At its essence, a successful job interview involves telling an extended story. In most interviews, you will be asked to tell the interviewer about yourself, talk about a time when you solved a problem, and explain what makes you stand out from other candidates. Each of these questions (and others) is an opportunity to tell a story about yourself. The key to telling an effective story during an interview is to be ready to share an impactful narrative that connects with the position you’re seeking.

Remember that telling a story during your interview is different than telling a story to friends or family. Depending on your audience, you may need to tweak details of your narrative. You’ll also want to have several stories on hand to illustrate different aspects of your work lifeand you’ll want to practice your stories in advance to ensure you sound confident in the moment.

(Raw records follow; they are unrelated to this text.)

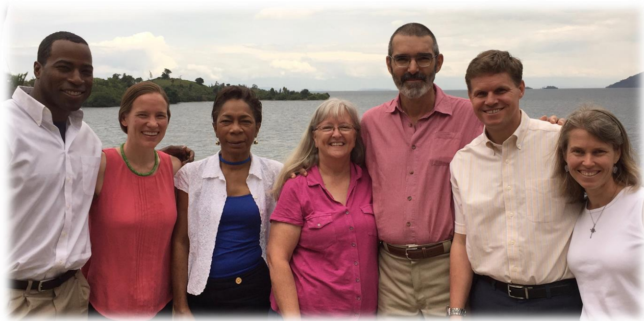
South Sudan mission co-workers.

from our partner church in Rwanda, at the continent-wide Mission co-worker gathering. God worked in each of our hearts, and here is one testimony:
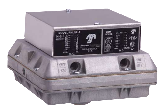
Model RHLGP-A High-Low Gas Switch Recycle Type

Model HGP-A High-Low Gas Switch with Reset Lever
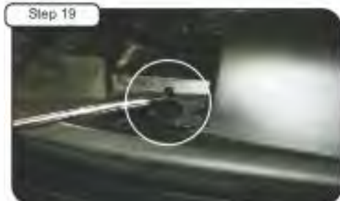
Step 19 With flat head screwdriver, carefully pry and push up plastic pin.
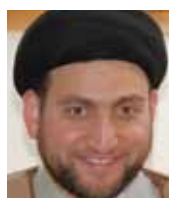
His Eminence Ammar A. Al-Hakim Vice President of Islamic Supreme Council of Iraq

Launched at Church House, London, on 26 January 2009, Global Appeal 2009 is an initiative of Yohei Sasakawa, Chairman of The Nippon Foundation.
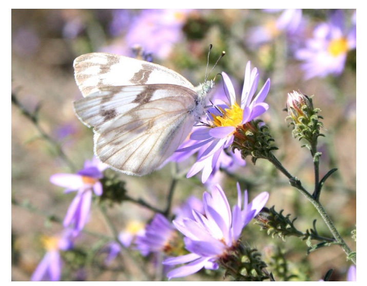
Figure 5. Cabbage white butterfly ( Pieris rapae ) on hoary tansyaster flowers at the USDA NRCS Aberdeen Plant Materials Center in southern Idaho.

Pollination. Flowers attract a variety of pollinators and are considered a valuable late summer and early fall pollinator food source (Fig. 5) (Tilley et al. 2014). In some years, some flowers are still present in mid-November, depending on plant variety and weather conditions (Tilley 2015b). In seed production fields growing at the USDA NRCS Aberdeen Plant Materials Center in southern Idaho (IPMC), hoary tansyaster flowers were visited by various bees ( Halictus spp., Agapostemon spp., and Apis mellifera ), bee flies (Diptera: Bombyliidae), western white butterflies ( Pontia occidentalis ), and garden white butterflies ( Pieris spp.) (Tilley et al. 2014, 2015b).
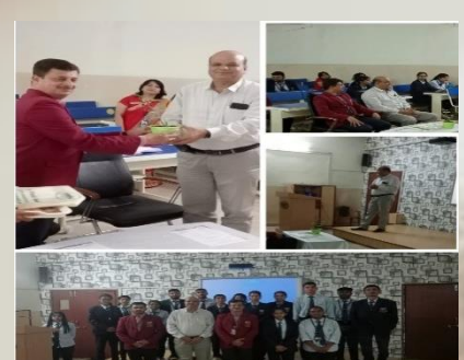
Guest talk on 'Career in Computer Hardware and Software' – Department of science
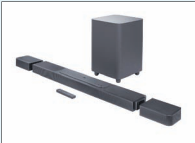
JBL Bar 1300

Jumbo Electronics has introduced the brand new JBL Bar 1300 in Qatar. More than just a great soundbar, it is a signature of people's taste in music. The theatre-quality 3D sound and four up-firing drivers in the main bar and two more in the detachable speakers, the JBL Bar 1300 delivers true Dolby Atmos and DTS:X together with Multibeam for an enhanced 3D surround sound experience. People can enjoy real surround sound without the hassle of extra wires and power connections. Thrilling, precise bass from a mighty 10" wireless subwoofer brings the excitement to the action movies and the emotion to the music along with Pure Voice technology that uses JBL's unique algorithm to optimise voice clarity ensuring not to miss a word of dialogue, even when the surround effects are at their peak. With 1170 watts of total system power, the JBL Bar 1300 transforms the movies, music and games into immersive sound experiences and pulls everyone into the middle of the action. JBL Bar 1300 works with voice assistant-enabled speakers by linking the JBL Bar 1300 with the voice assistant-enabled device and ask Alexa, Google Assistant, or Siri to stream all the favourite music to the soundbar. It also provides uncompressed Dolby Atmos surround sound through a single HDMI cable thanks to the HDMI eARC connection. The three HDMI input connections also
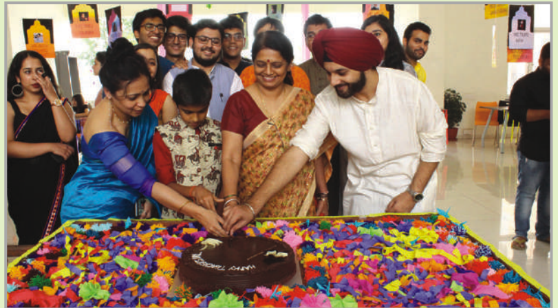
cake cutting ceremony
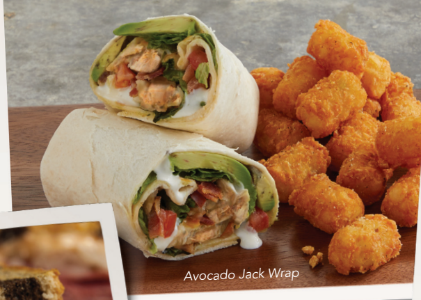
Avocado Jack Wrap
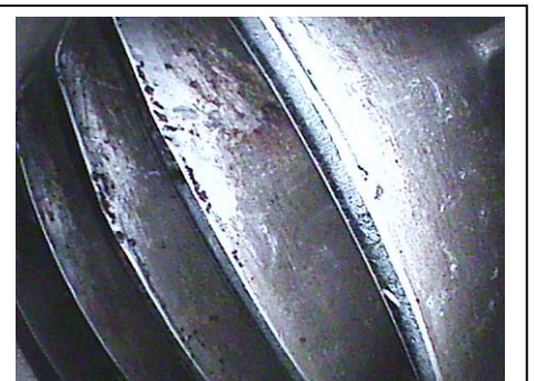
Idle end rotor taper is good.

During your interview preparation, keep the following guidelines in mind: 

Answer the question

Whether you’re asked a question such as “Tell me about a time you had to work collaboratively” or “Share a lesson you learned by making a mistake,” be sure to start with a clear and concise statement that addresses the question before sharing further details. 

Offer some background

Once you have opened with a strong answer, you can elaborate, providing more details on the background and context of that particular situation or problem. The goal is to offer enough information that the interviewer understands what happened without going off on tangents that aren’t relevant.

Explain your part

Now that you have directly answered the initial question and shared further explanation, you need to indicate how you played a role in the given situation. Remember to be specific about your role, even if you are telling a story about a challenge or problem. Own your part in the outcome. Don’t blame or congratulate someone else for an outcome you created. 

Share the outcome

Now, explain the end result of the situation. How did you solve the problem or issue? What did you do that succeeded or failed? How did your coworkers or the customer view the outcome?

Identify the lesson

Finally, your story needs to recognize the lessons you learned from the experience. Even if the interviewer has asked you to share a negative from your career history, think of a storytelling answer in advance that allows you to put a positive spin on the mistake. Remember to always emphasize what you’ve learned in your career from each experience that you share.